• [Exercise requirements]: An exact copy of the data is needed, but without any of its images.

[Saved entries]
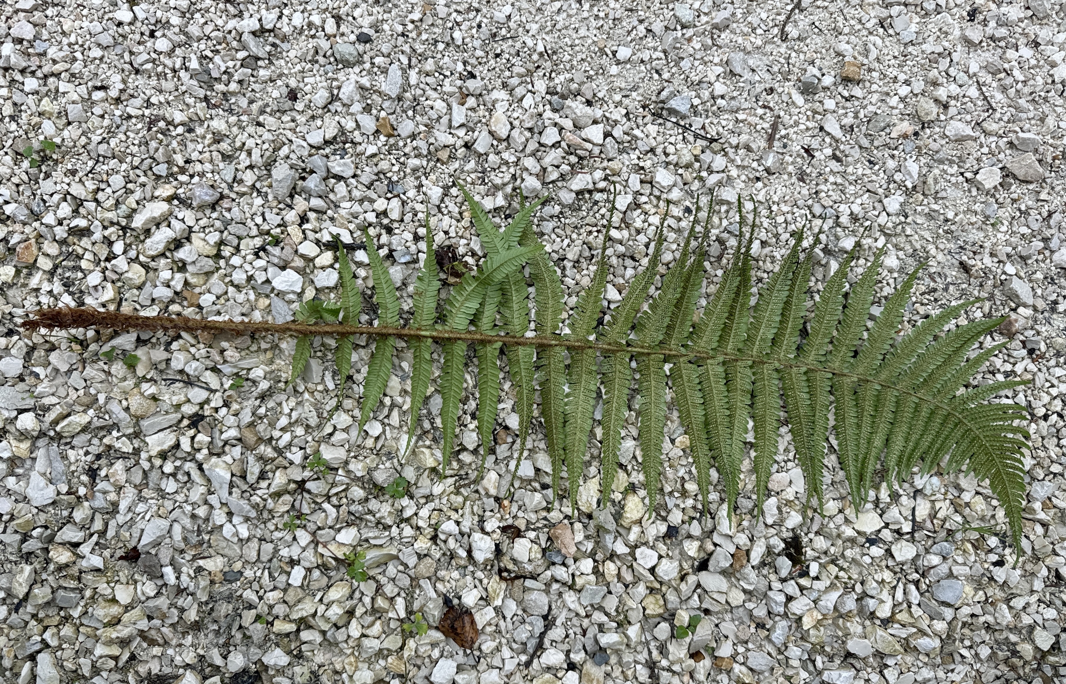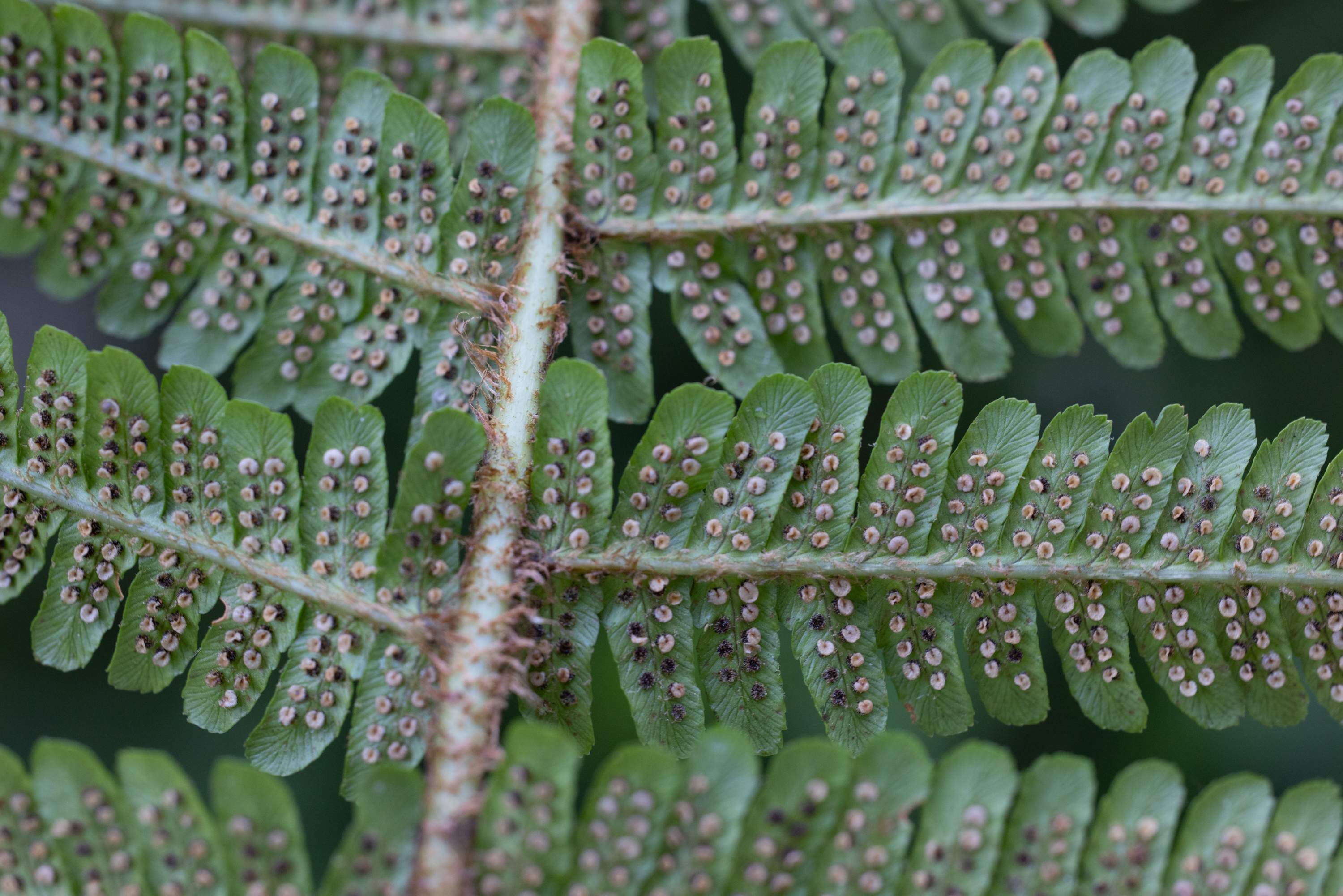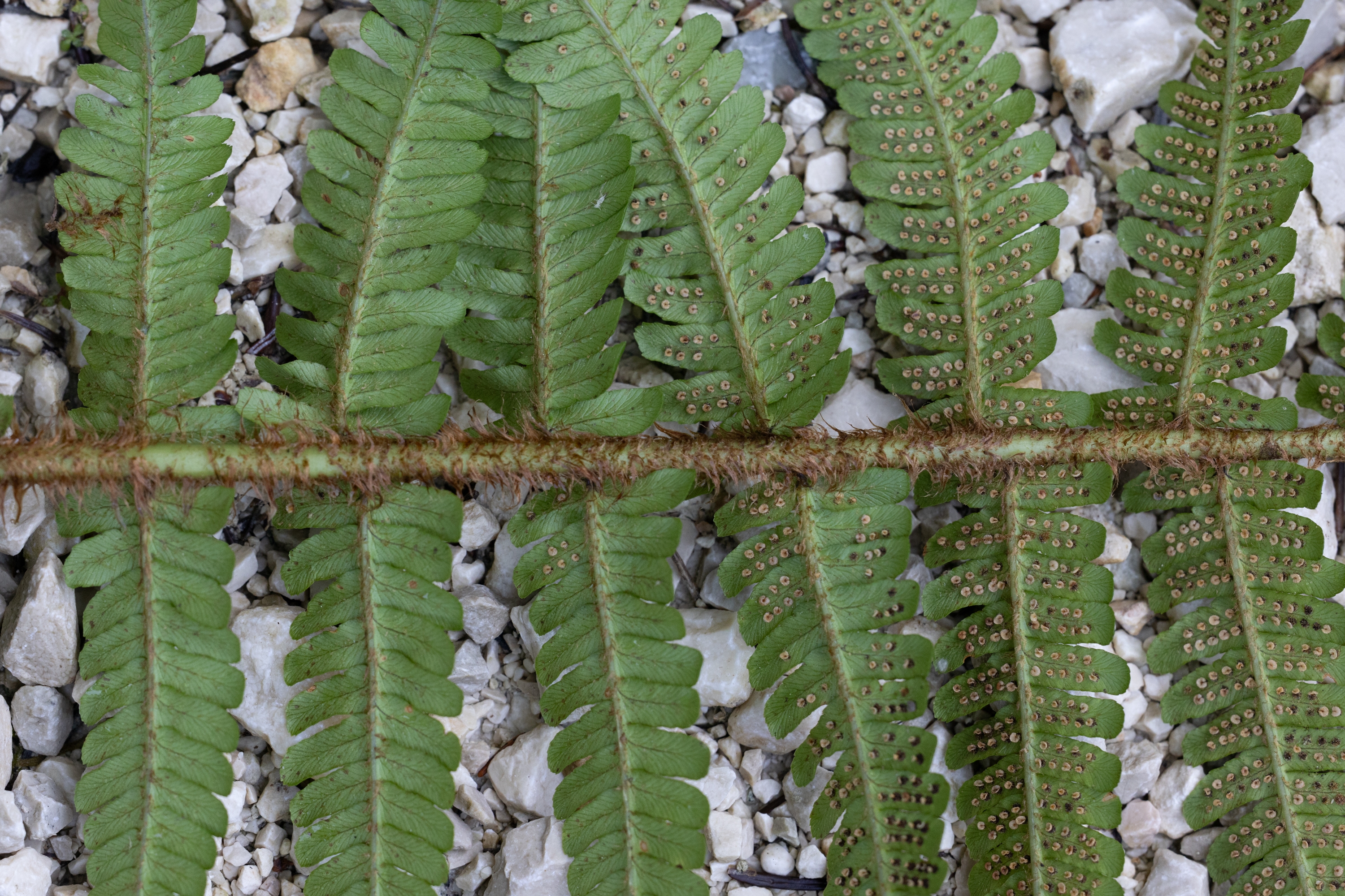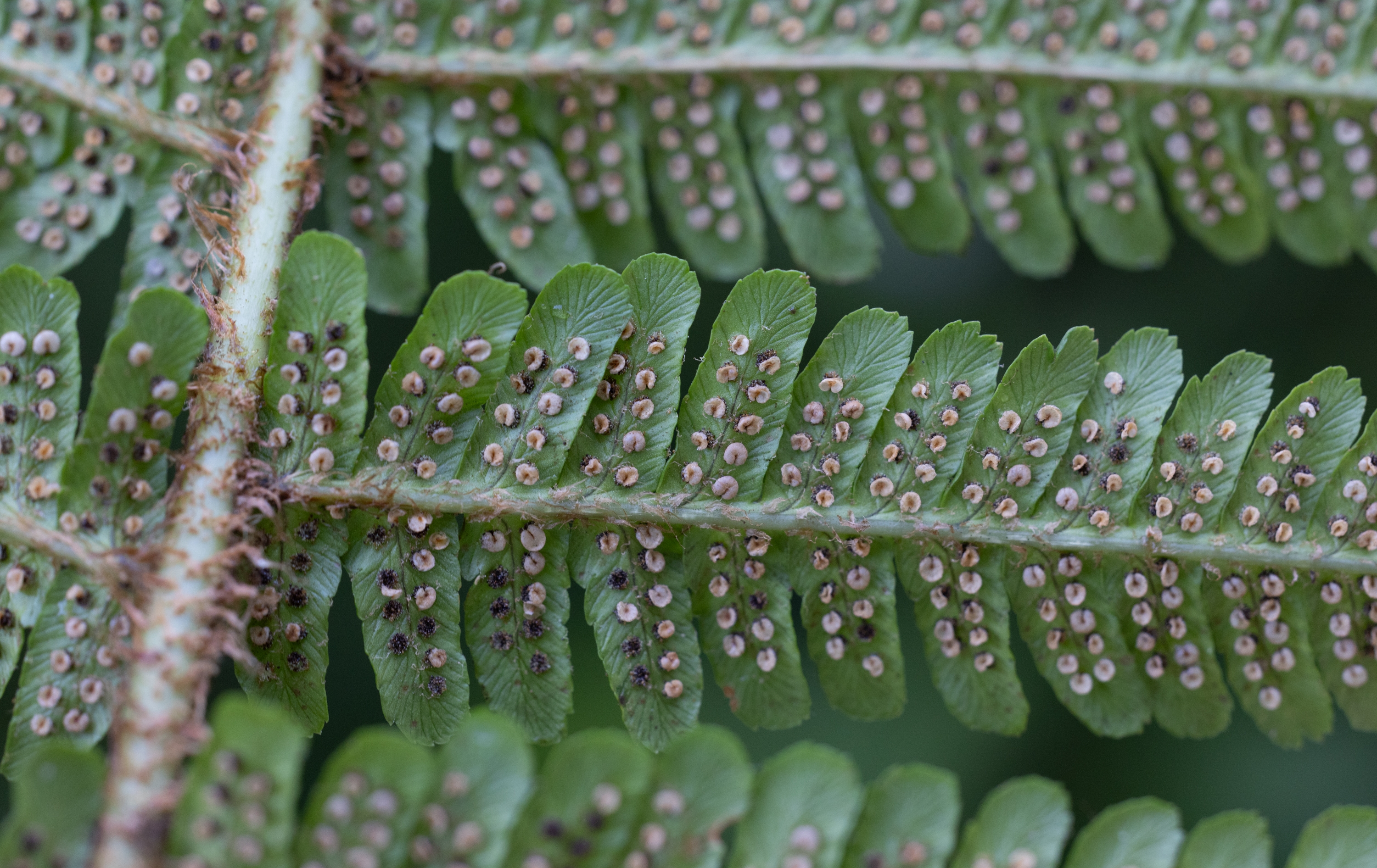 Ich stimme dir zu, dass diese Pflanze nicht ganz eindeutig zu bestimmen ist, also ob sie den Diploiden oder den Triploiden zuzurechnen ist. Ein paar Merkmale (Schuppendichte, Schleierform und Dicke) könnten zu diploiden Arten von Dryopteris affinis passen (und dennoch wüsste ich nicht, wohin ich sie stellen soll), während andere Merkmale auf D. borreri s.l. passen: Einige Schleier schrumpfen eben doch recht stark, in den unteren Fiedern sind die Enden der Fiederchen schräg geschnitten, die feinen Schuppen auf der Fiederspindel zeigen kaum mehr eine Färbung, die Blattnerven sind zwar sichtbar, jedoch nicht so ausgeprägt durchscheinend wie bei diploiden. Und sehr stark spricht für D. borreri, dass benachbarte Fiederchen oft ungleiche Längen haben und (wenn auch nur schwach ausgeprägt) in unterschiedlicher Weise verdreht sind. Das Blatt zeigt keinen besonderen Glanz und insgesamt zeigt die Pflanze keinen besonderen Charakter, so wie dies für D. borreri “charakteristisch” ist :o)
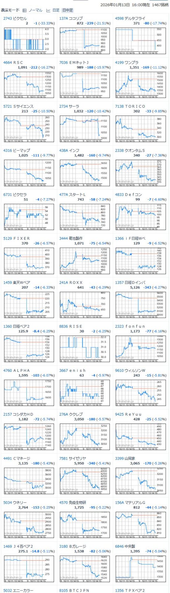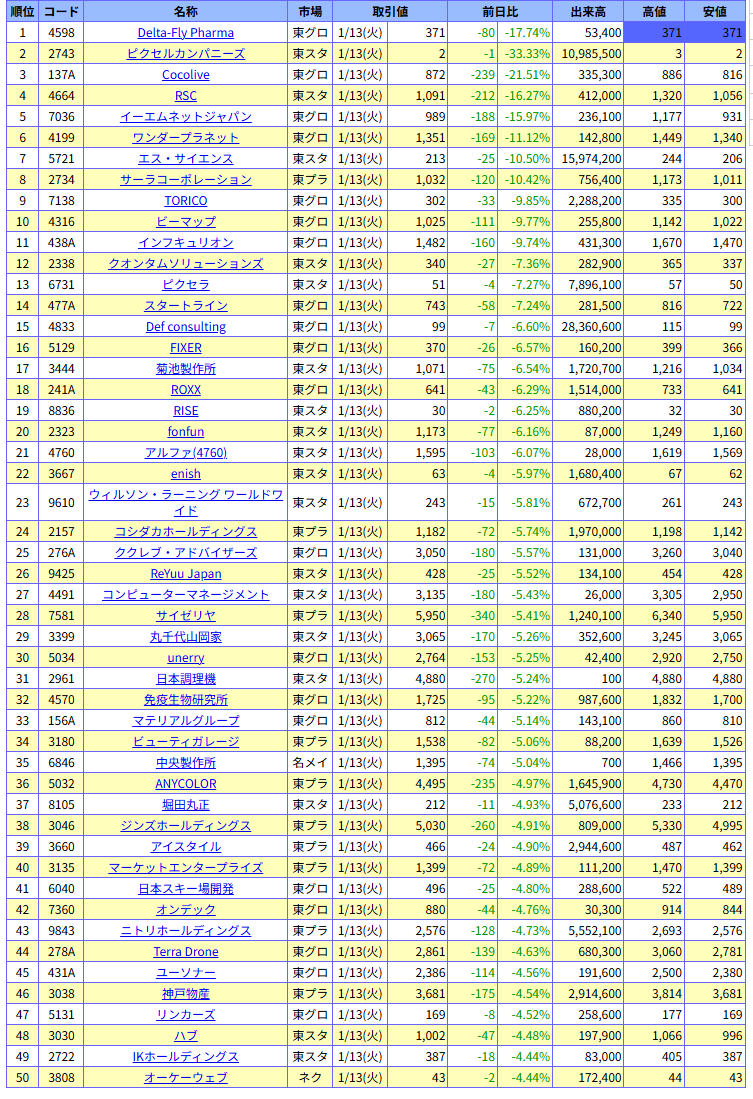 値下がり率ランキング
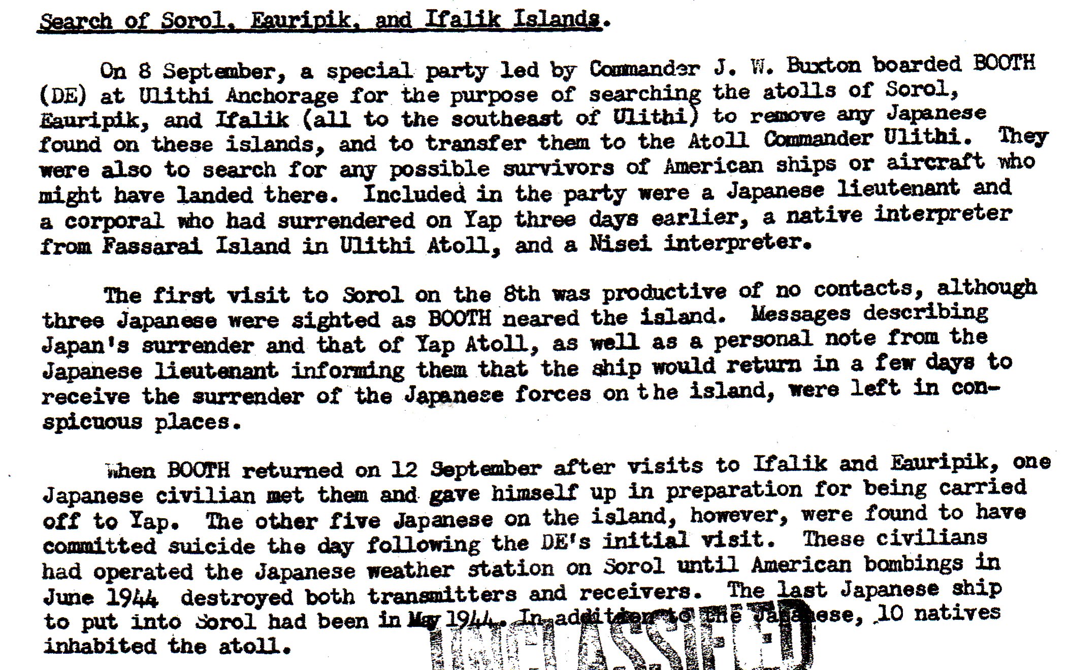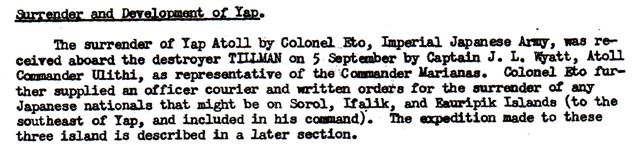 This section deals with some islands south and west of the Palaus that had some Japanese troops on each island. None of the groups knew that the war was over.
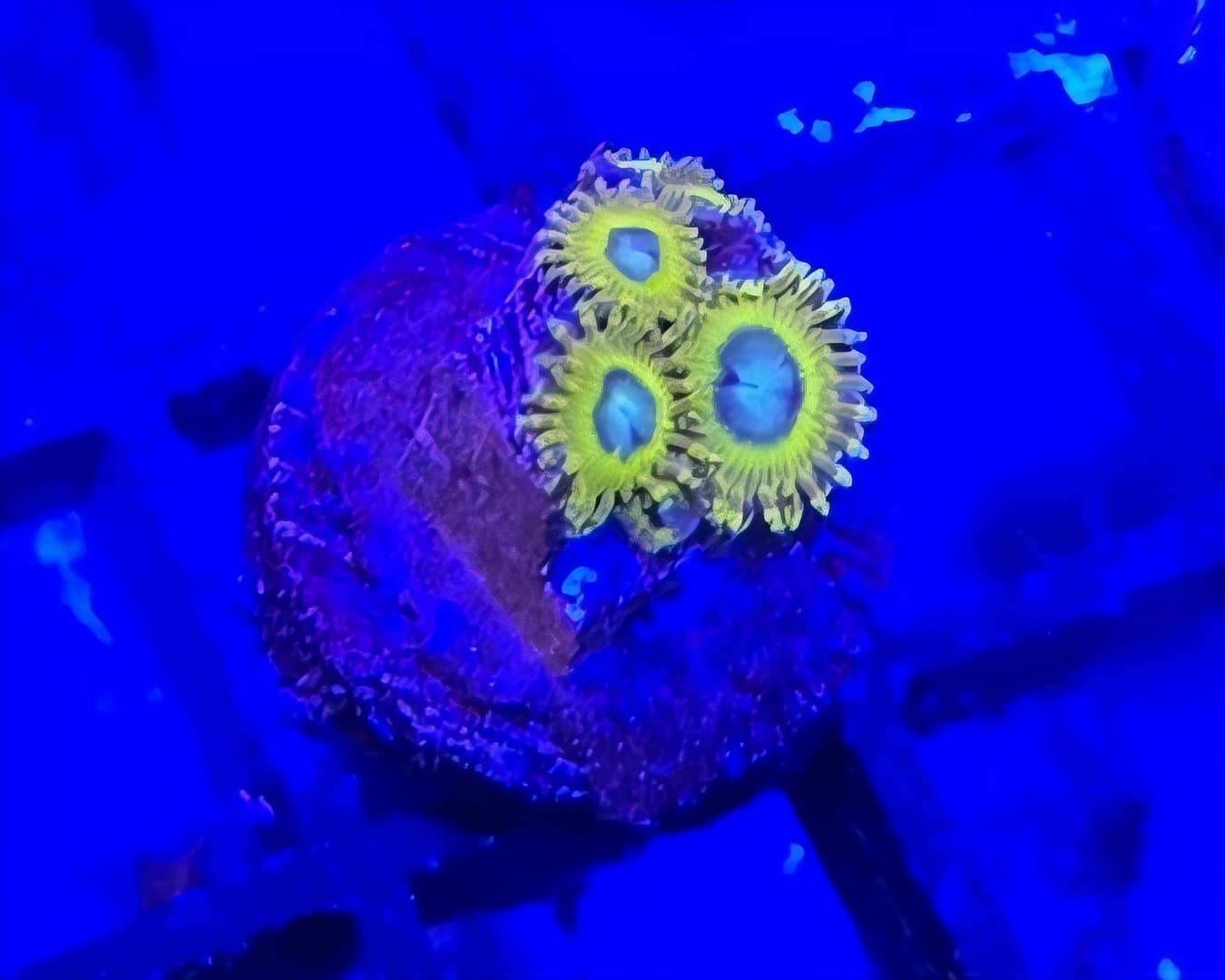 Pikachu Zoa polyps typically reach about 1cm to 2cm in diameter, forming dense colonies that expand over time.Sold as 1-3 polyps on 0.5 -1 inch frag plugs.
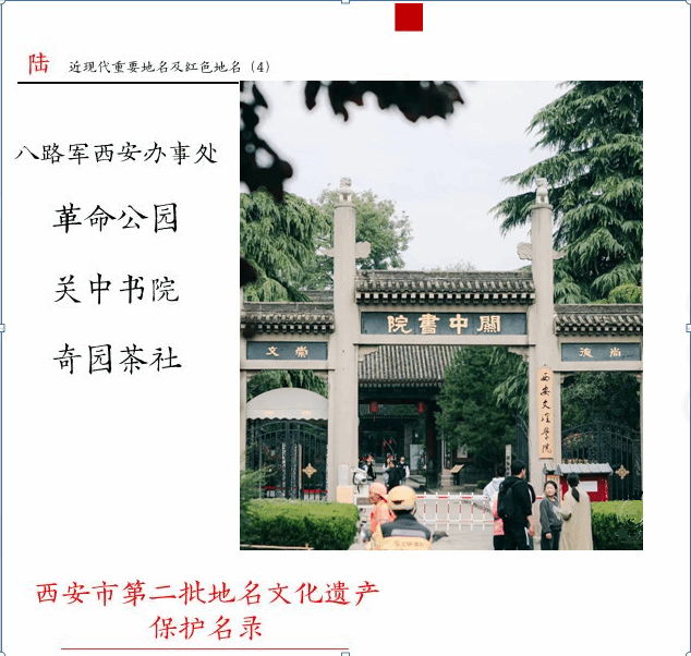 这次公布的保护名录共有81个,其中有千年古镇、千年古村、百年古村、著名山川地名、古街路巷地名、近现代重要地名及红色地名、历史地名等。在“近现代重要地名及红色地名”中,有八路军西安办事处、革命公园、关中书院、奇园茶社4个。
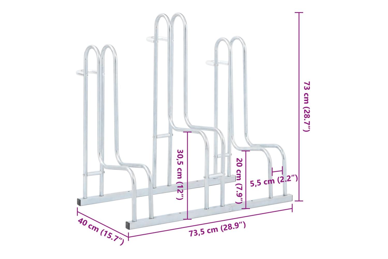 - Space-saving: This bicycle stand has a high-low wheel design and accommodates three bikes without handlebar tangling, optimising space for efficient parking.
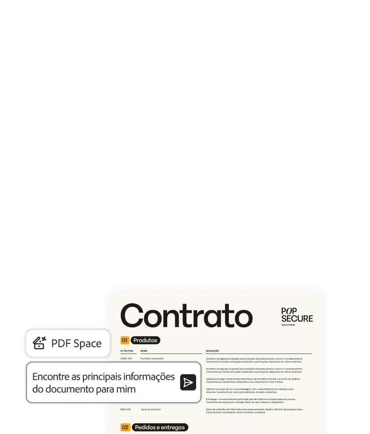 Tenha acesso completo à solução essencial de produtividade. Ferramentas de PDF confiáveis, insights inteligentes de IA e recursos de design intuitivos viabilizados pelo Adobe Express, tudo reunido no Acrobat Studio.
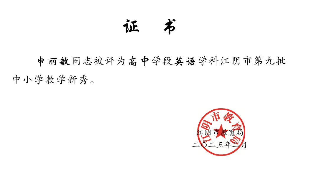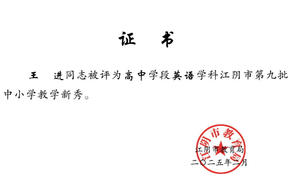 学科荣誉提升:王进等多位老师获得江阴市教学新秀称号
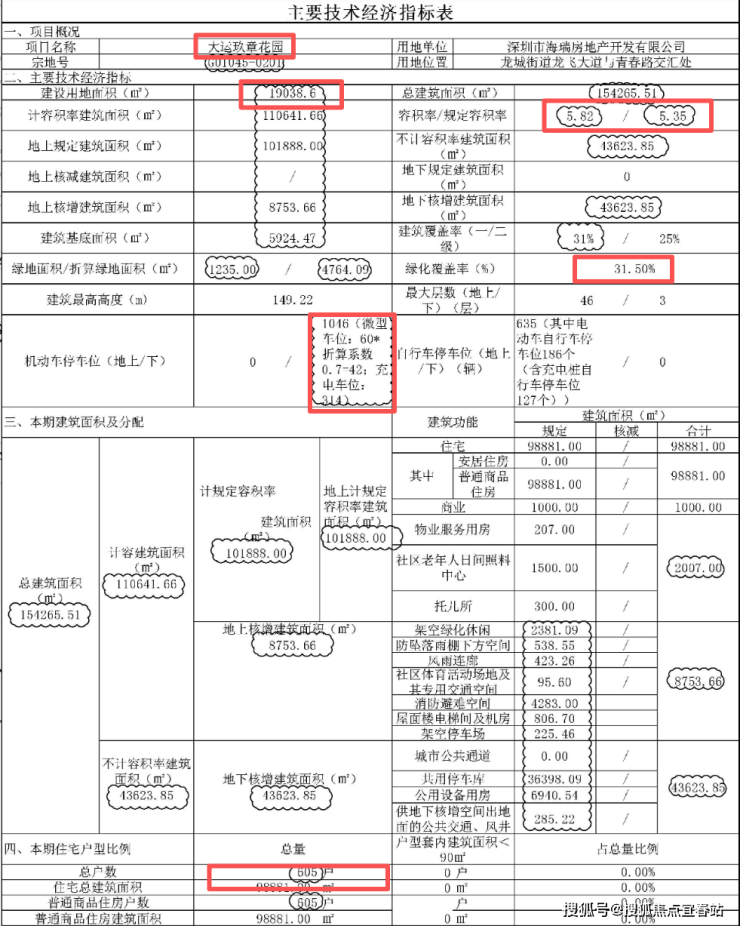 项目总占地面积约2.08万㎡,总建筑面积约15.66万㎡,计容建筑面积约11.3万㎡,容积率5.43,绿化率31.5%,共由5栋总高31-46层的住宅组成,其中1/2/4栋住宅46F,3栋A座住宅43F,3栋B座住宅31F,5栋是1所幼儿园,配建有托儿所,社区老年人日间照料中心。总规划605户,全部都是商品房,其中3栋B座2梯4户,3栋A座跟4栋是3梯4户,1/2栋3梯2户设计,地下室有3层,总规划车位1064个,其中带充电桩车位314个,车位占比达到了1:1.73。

• [Answer space]:
 Ich stimme dir zu, dass diese Pflanze nicht ganz eindeutig zu bestimmen ist, also ob sie den Diploiden oder den Triploiden zuzurechnen ist. Ein paar Merkmale (Schuppendichte, Schleierform und Dicke) könnten zu diploiden Arten von Dryopteris affinis passen (und dennoch wüsste ich nicht, wohin ich sie stellen soll), während andere Merkmale auf D. borreri s.l. passen: Einige Schleier schrumpfen eben doch recht stark, in den unteren Fiedern sind die Enden der Fiederchen schräg geschnitten, die feinen Schuppen auf der Fiederspindel zeigen kaum mehr eine Färbung, die Blattnerven sind zwar sichtbar, jedoch nicht so ausgeprägt durchscheinend wie bei diploiden. Und sehr stark spricht für D. borreri, dass benachbarte Fiederchen oft ungleiche Längen haben und (wenn auch nur schwach ausgeprägt) in unterschiedlicher Weise verdreht sind. Das Blatt zeigt keinen besonderen Glanz und insgesamt zeigt die Pflanze keinen besonderen Charakter, so wie dies für D. borreri “charakteristisch” ist :o)
 値下がり率ランキング
 This section deals with some islands south and west of the Palaus that had some Japanese troops on each island. None of the groups knew that the war was over.
 Pikachu Zoa polyps typically reach about 1cm to 2cm in diameter, forming dense colonies that expand over time.Sold as 1-3 polyps on 0.5 -1 inch frag plugs.
 这次公布的保护名录共有81个,其中有千年古镇、千年古村、百年古村、著名山川地名、古街路巷地名、近现代重要地名及红色地名、历史地名等。在“近现代重要地名及红色地名”中,有八路军西安办事处、革命公园、关中书院、奇园茶社4个。
 - Space-saving: This bicycle stand has a high-low wheel design and accommodates three bikes without handlebar tangling, optimising space for efficient parking.
 Tenha acesso completo à solução essencial de produtividade. Ferramentas de PDF confiáveis, insights inteligentes de IA e recursos de design intuitivos viabilizados pelo Adobe Express, tudo reunido no Acrobat Studio.
 学科荣誉提升:王进等多位老师获得江阴市教学新秀称号
 项目总占地面积约2.08万㎡,总建筑面积约15.66万㎡,计容建筑面积约11.3万㎡,容积率5.43,绿化率31.5%,共由5栋总高31-46层的住宅组成,其中1/2/4栋住宅46F,3栋A座住宅43F,3栋B座住宅31F,5栋是1所幼儿园,配建有托儿所,社区老年人日间照料中心。总规划605户,全部都是商品房,其中3栋B座2梯4户,3栋A座跟4栋是3梯4户,1/2栋3梯2户设计,地下室有3层,总规划车位1064个,其中带充电桩车位314个,车位占比达到了1:1.73。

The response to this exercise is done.